Flexible data shaping

However, transformations provide the flexibility to shape your data before it lands in the target. You can use all the functions and operators supported by Upsolver to create calculated fields within your ingestion job. New columns can be added to your target, and existing column data can be transformed. You can perform actions such as converting data types, formatting string values, and concatenating columns to create a new column.

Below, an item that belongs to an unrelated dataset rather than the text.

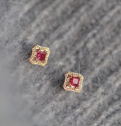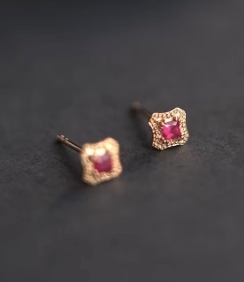 スクエアカットのルビーのひし形のクラシカルなデザインのピアスです。

For example, in the following job, the ordertype type column has a transformation applied to convert all values to upper case to maintain consistency in the target table in Snowflake. Furthermore, the review column has a right trim function applied to remove trailing spaces that commonly appear in this column:

CREATE SYNC JOB ingest_s3_to_snowflake
   COMMENT = 'Load orders into Snowflake'
   CONTENT_TYPE = JSON
   COLUMN_TRANSFORMATIONS = (ordertype = UPPER(ordertype), review = RTRIM(review)) 
   COMMIT_INTERVAL = 10 MINUTES
AS COPY FROM S3 upsolver_s3_samples 
   LOCATION = 's3://upsolver-samples/orders/' 
INTO SNOWFLAKE my_snowflake_connection.demo.orders_transformed;

Protect sensitive data

If you need to mask sensitive or personally identifiable information (PII) prior to loading into your staging tables or when performing direct ingestion into your target destination, you can use hashing functions to prevent data from being exposed downstream.

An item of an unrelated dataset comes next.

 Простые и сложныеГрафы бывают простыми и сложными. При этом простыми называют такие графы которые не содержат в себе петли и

In the following example, the MD5() masking function is applied to the customer.email column to hide the raw data, and transformed into a new column named hashed_email in the target.

CREATE SYNC JOB ingest_kinesis_to_snowflake
    COMMENT = 'Ingest orders to Snowflake'
    START_FROM = BEGINNING
    CONTENT_TYPE = JSON
    EXCLUDE_COLUMNS = ('customer.email') 
    COLUMN_TRANSFORMATIONS = (hashed_email = MD5(customer.email))       
    COMMIT_INTERVAL = 5 MINUTES
AS COPY FROM KINESIS my_kinesis_connection 
    STREAM = 'orders'  
INTO SNOWFLAKE my_snowflake_connection.demo.orders_transformed;

In the example above, the customer's email address has been transformed into the new column, hashed_email. However, the existing column - customer.email - would also be included in the ingestion and loaded into Snowflake in its raw format.

So in this case, the EXCLUDE_COLUMNS option has been included and the customer.email column does not get ingested to the target, thereby protecting this information.